The mutated genes also activate the glial cells in the brain called microglia, which serve as support cells for neurons and have an immune function in the brain; they comprise 10-15% of all brain cells.
“Microglia are very sensitive to pathological changes in the central nervous system and are the main form of active immune defense to maintain brain health,” explained Yan. “Aberrant activation of microglia, which we demonstrate occurs as a result of deficiency in ADNP or POGZ, could lead to the damage and loss of synapses and neurons.”
The researchers are hopeful that future research will determine whether chronic neuroinflammation could be directly contributing to at least some cases of ASD/ID, in which targeting microglia or inflammatory signaling pathways could prove to be a useful treatment.

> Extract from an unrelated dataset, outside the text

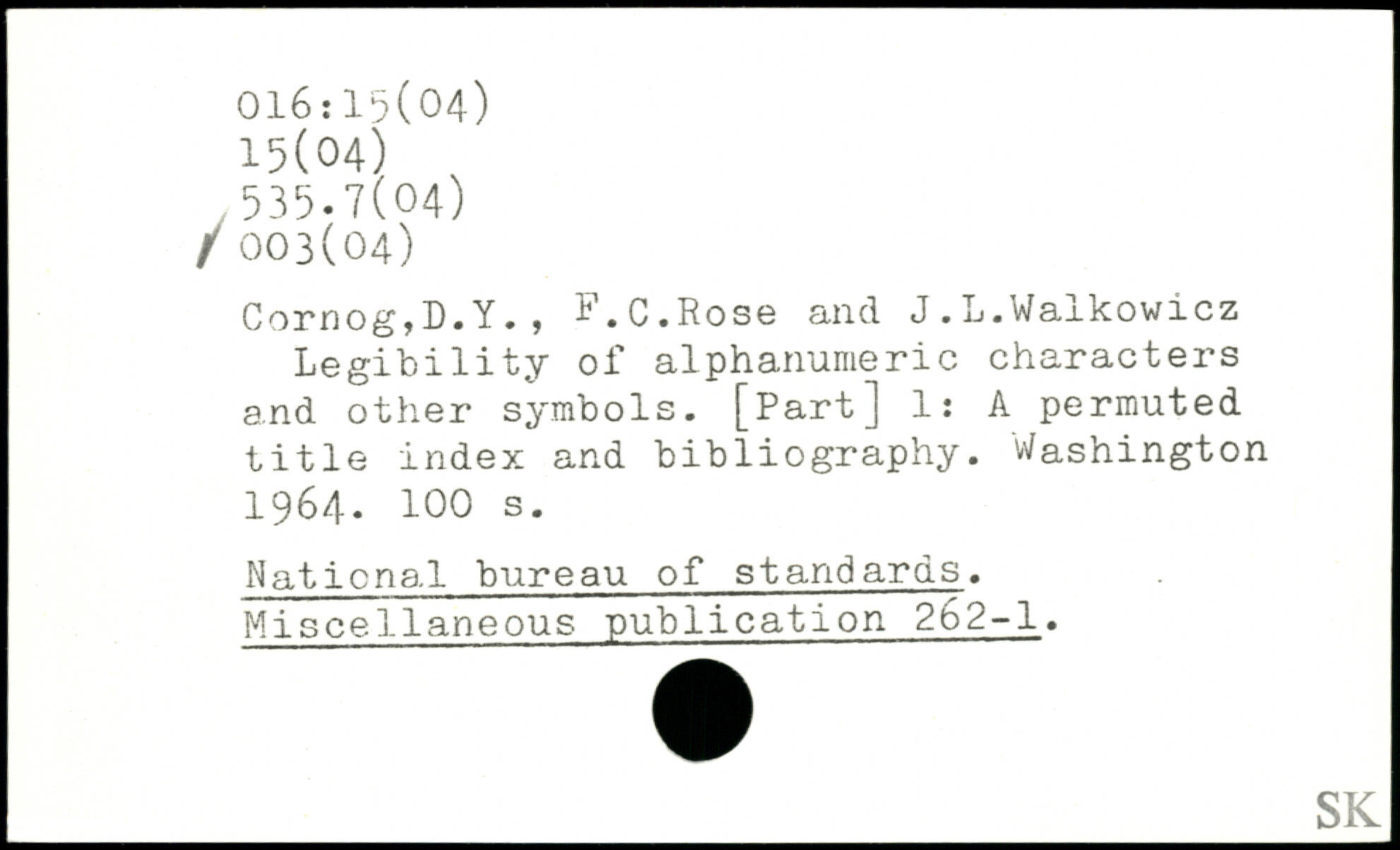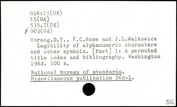 Cornog,D.Y. <, i .C.Ross ancl J .L.Wax k o w i c z Legibility of alphanumeric characters and other symbols. [Part] 1: A permuted title index and bibliography.

The researchers pointed out that the clinical presentation of both ASD and ID is incredibly varied. Significant variation also likely is present in the kinds of mechanisms responsible for the symptoms of ASD and/or ID.
“We found that changes in two risk genes lead to a convergent mechanism, likely involving immune activation,” said Conrow-Graham. “However, this probably isn’t the case for all individuals with ASD/ID. When designing clinical trials to evaluate treatment effectiveness, I think our research underscores the importance of considering the genetic factors involved in an individual’s ASD/ID.”
The research is the culmination of Conrow-Graham’s Ph.D. work; she has now returned to complete the last two years of the MD degree in the Jacobs School. She described her experience pursuing both an MD and a Ph.D. as extremely complementary.
The immune system has a role
“My training at each level was super helpful to supplement the other,” she said. “When I began my Ph.D., I had completed two years of MD training, so I was familiar with the basics of physiology, anatomy and pathology. Because of this, I was able to bring a broader perspective to my neuroscience research, identifying how the immune system might be playing a role. Prior to this, our lab had not really investigated immunology-related pathways, so having that background insight was really beneficial.”
She added that she learned so much from all of her colleagues in Yan’s lab, including faculty members, lab technicians and other students. “I learned so many technical skills that I had never used before joining the lab, thanks to the dedication of lab co-workers for my training,” she said.
Her experience at the lab bench working on the basic science underlying neuropsychiatric disorders will definitely influence her work as a clinician.
“I plan to pursue a career as a child and adolescent psychiatrist, so I may be able to work directly with this patient population,” she said. “We’re learning now that better care may be able to be provided by taking a personalized medicine approach, taking into account genetics, psychosocial factors and others. Being able to take a very deep dive into the field of psychiatric genetics was a privilege that I hope will help me to provide the best care for patients.”